• What this task involves:
Exactly as they appear, print the line with "夜色泼墨 夜把光揉碎 掷入水面洇开 红的焰 绿的纱 在波纹褶皱里 晕染成画 灯" and each line after it through the end of the entries below; leave out pictures.

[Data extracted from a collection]
....
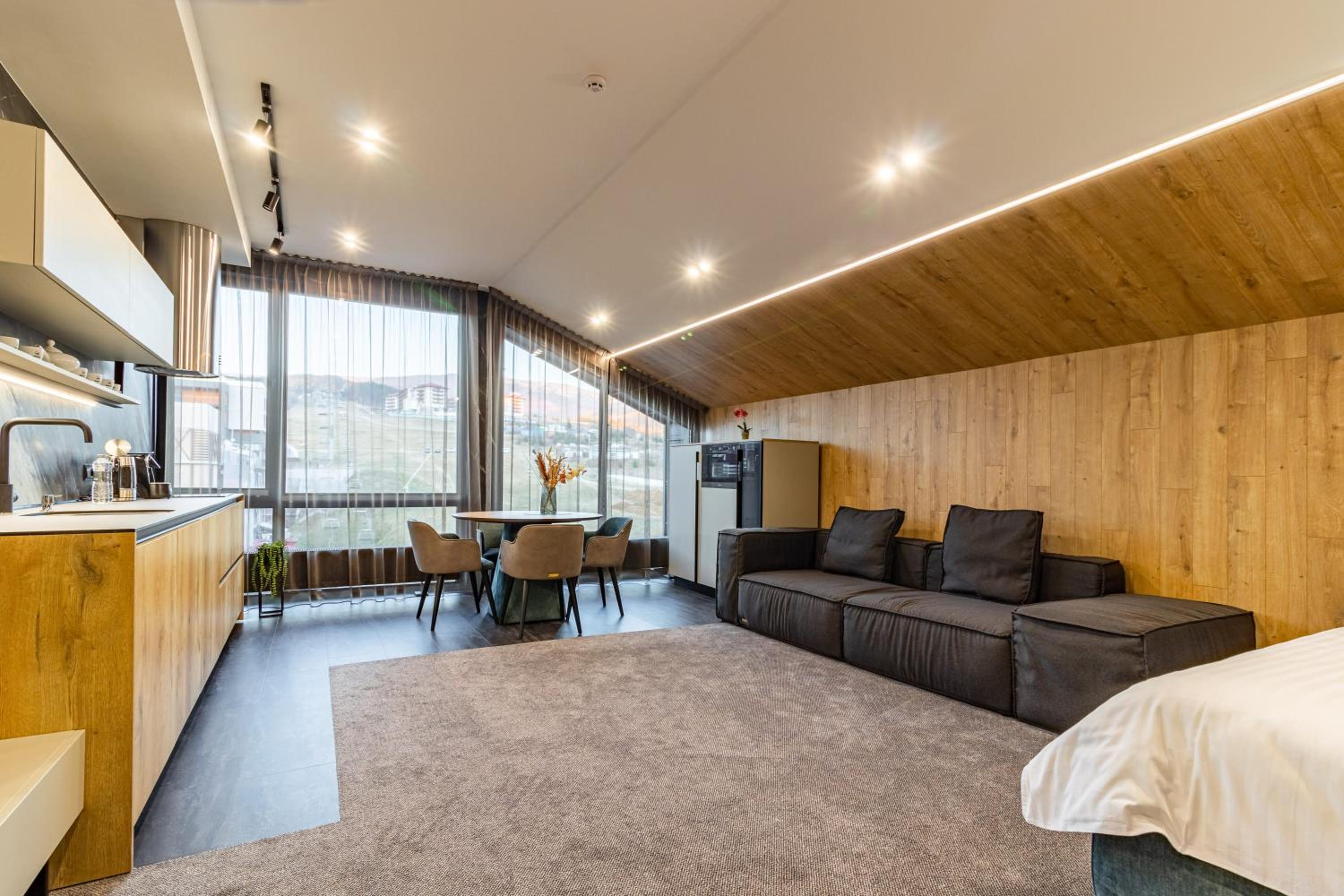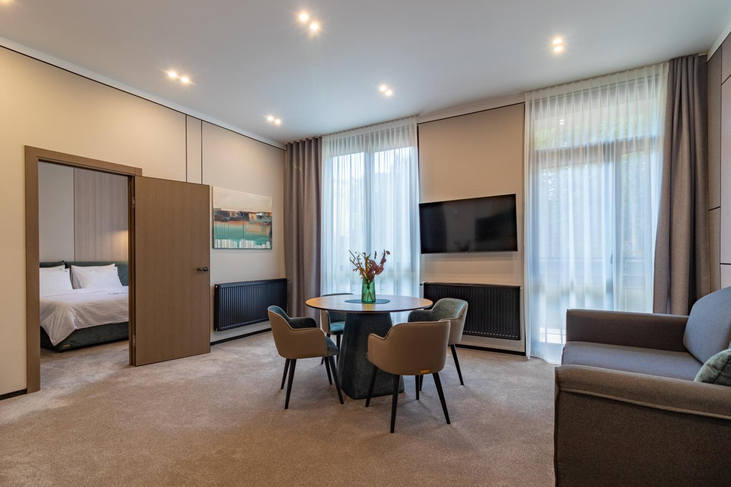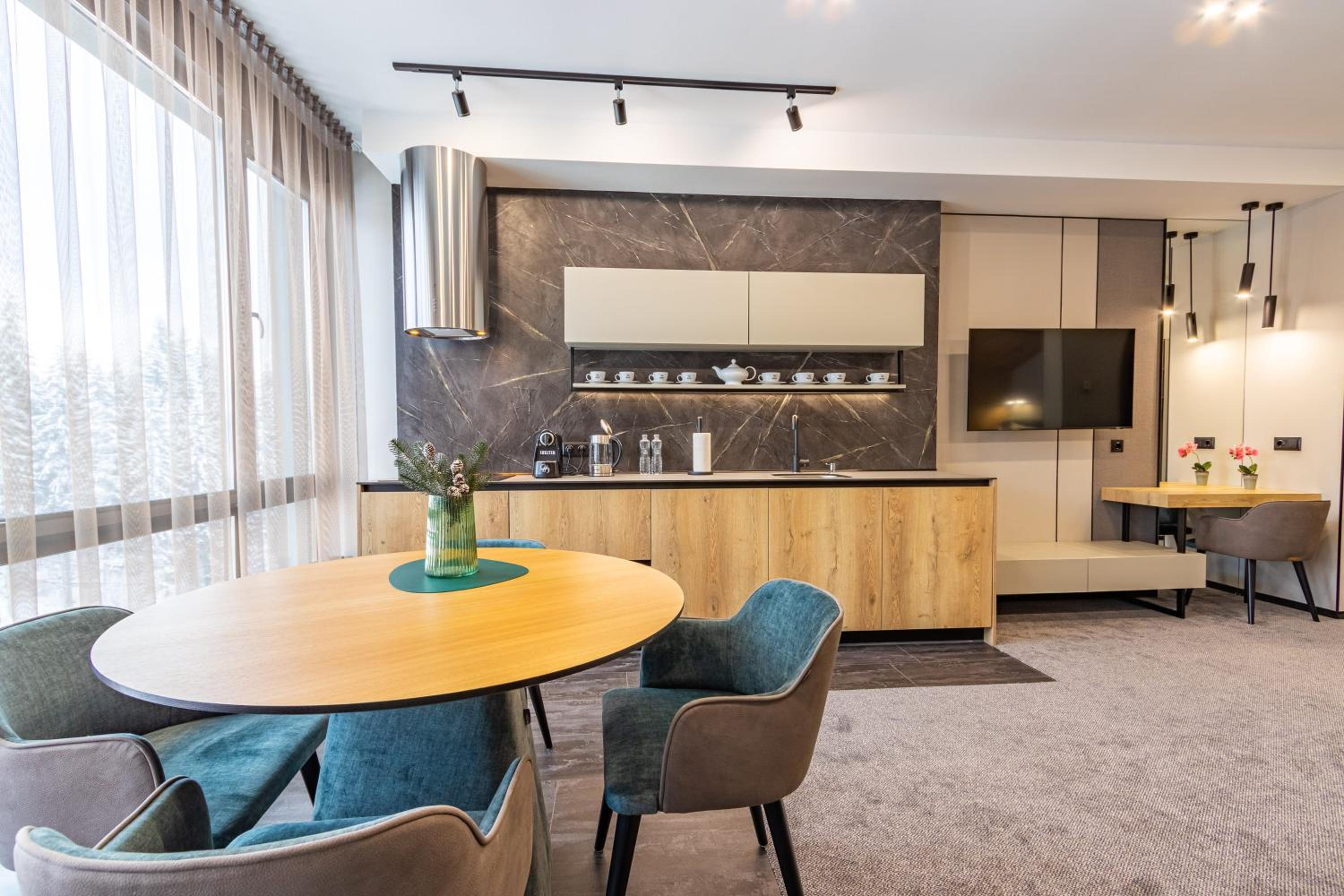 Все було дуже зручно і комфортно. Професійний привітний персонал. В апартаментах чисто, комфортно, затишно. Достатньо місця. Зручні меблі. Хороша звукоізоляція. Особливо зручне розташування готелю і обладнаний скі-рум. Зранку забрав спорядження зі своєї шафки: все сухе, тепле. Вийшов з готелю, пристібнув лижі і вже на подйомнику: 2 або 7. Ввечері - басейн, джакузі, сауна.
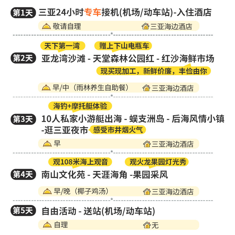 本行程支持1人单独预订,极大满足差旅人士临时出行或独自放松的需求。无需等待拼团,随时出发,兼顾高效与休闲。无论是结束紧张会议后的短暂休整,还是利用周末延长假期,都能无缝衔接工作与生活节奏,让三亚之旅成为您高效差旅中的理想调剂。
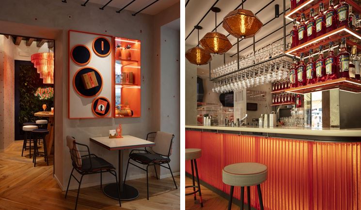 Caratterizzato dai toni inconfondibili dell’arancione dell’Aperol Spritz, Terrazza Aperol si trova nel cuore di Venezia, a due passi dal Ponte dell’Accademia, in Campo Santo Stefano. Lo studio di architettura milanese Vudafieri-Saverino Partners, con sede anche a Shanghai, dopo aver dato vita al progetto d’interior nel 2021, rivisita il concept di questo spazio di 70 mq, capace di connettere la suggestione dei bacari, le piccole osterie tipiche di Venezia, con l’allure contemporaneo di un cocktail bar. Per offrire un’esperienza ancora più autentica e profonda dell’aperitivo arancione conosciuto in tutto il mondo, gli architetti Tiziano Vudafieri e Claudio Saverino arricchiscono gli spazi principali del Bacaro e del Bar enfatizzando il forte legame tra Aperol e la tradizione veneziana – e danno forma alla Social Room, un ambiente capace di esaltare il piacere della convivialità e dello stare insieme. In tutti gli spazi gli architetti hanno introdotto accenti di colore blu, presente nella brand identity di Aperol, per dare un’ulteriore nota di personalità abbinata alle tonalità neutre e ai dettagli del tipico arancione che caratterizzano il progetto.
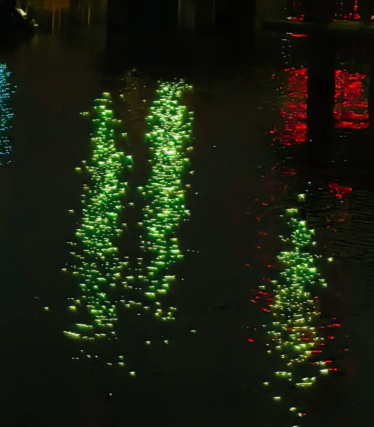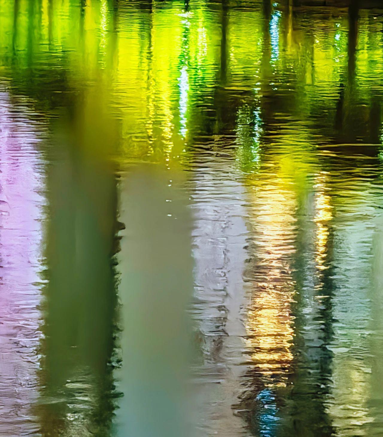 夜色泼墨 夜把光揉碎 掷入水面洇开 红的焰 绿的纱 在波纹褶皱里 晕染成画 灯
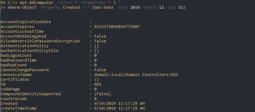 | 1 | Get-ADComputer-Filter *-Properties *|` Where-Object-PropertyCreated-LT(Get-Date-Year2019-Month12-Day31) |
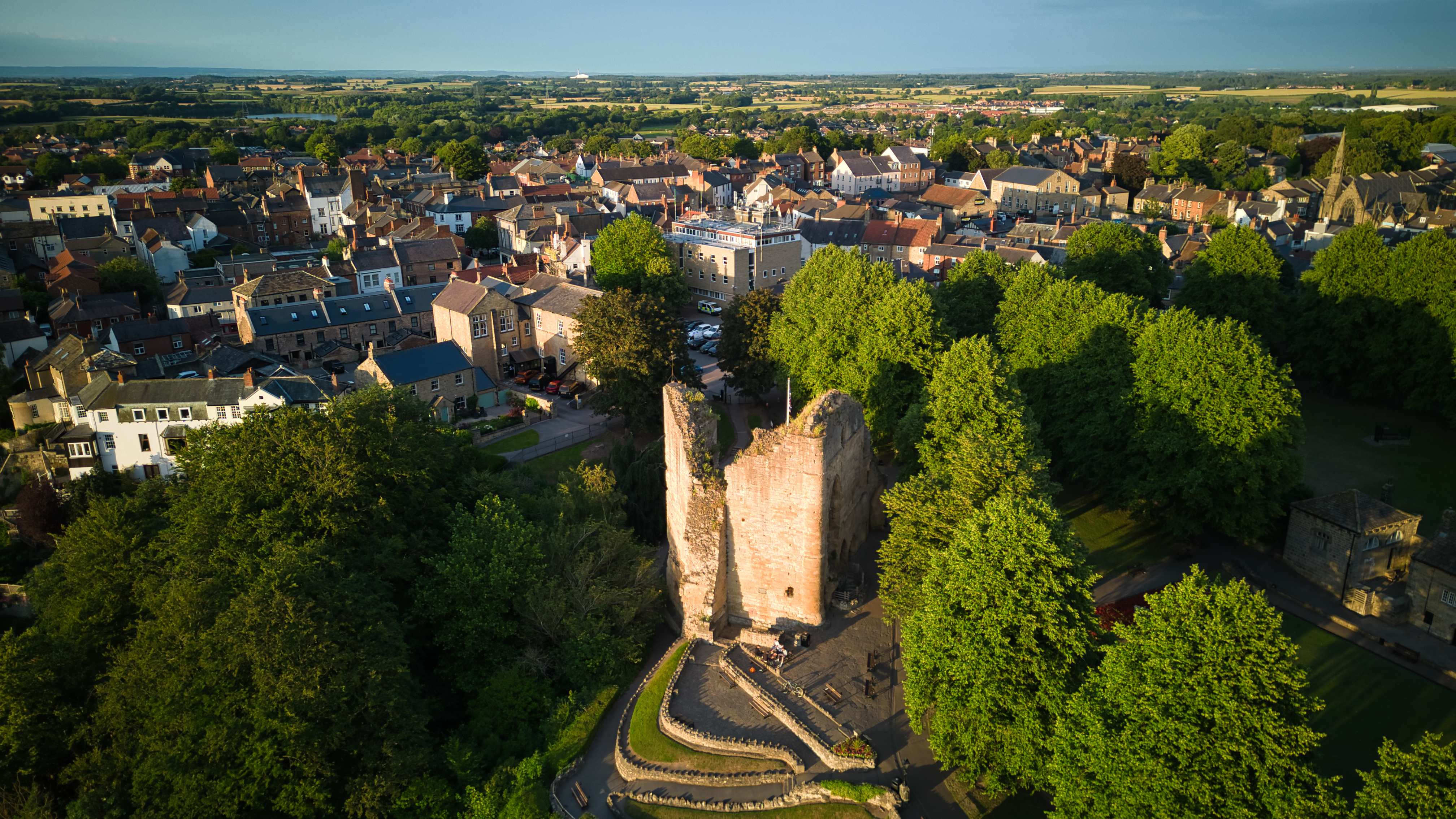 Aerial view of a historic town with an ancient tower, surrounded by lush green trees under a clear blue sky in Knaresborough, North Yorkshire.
....
• Response box:
 夜色泼墨 夜把光揉碎 掷入水面洇开 红的焰 绿的纱 在波纹褶皱里 晕染成画 灯
 | 1 | Get-ADComputer-Filter *-Properties *|` Where-Object-PropertyCreated-LT(Get-Date-Year2019-Month12-Day31) |
 Aerial view of a historic town with an ancient tower, surrounded by lush green trees under a clear blue sky in Knaresborough, North Yorkshire.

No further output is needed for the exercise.